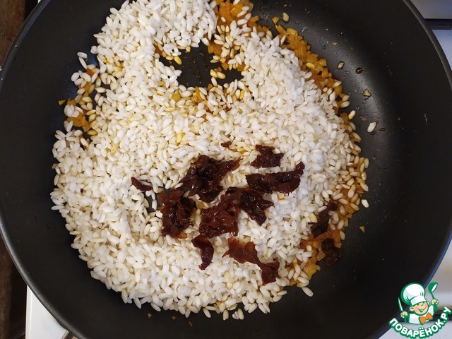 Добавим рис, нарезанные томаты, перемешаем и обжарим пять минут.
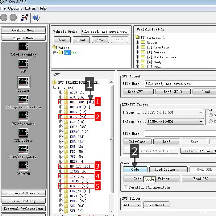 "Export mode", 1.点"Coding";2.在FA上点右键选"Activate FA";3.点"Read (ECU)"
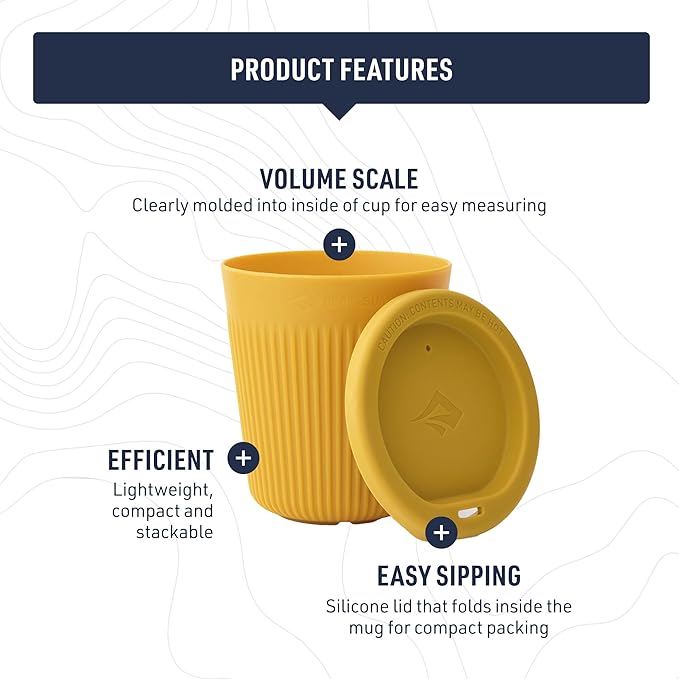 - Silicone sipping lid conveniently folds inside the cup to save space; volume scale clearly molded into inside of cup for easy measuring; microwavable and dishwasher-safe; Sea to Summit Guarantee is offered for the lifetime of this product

**What to do:** Drop every picture from the data, then output all the rest exactly.

**Task response:**
 Добавим рис, нарезанные томаты, перемешаем и обжарим пять минут.
 "Export mode", 1.点"Coding";2.在FA上点右键选"Activate FA";3.点"Read (ECU)"
 - Silicone sipping lid conveniently folds inside the cup to save space; volume scale clearly molded into inside of cup for easy measuring; microwavable and dishwasher-safe; Sea to Summit Guarantee is offered for the lifetime of this product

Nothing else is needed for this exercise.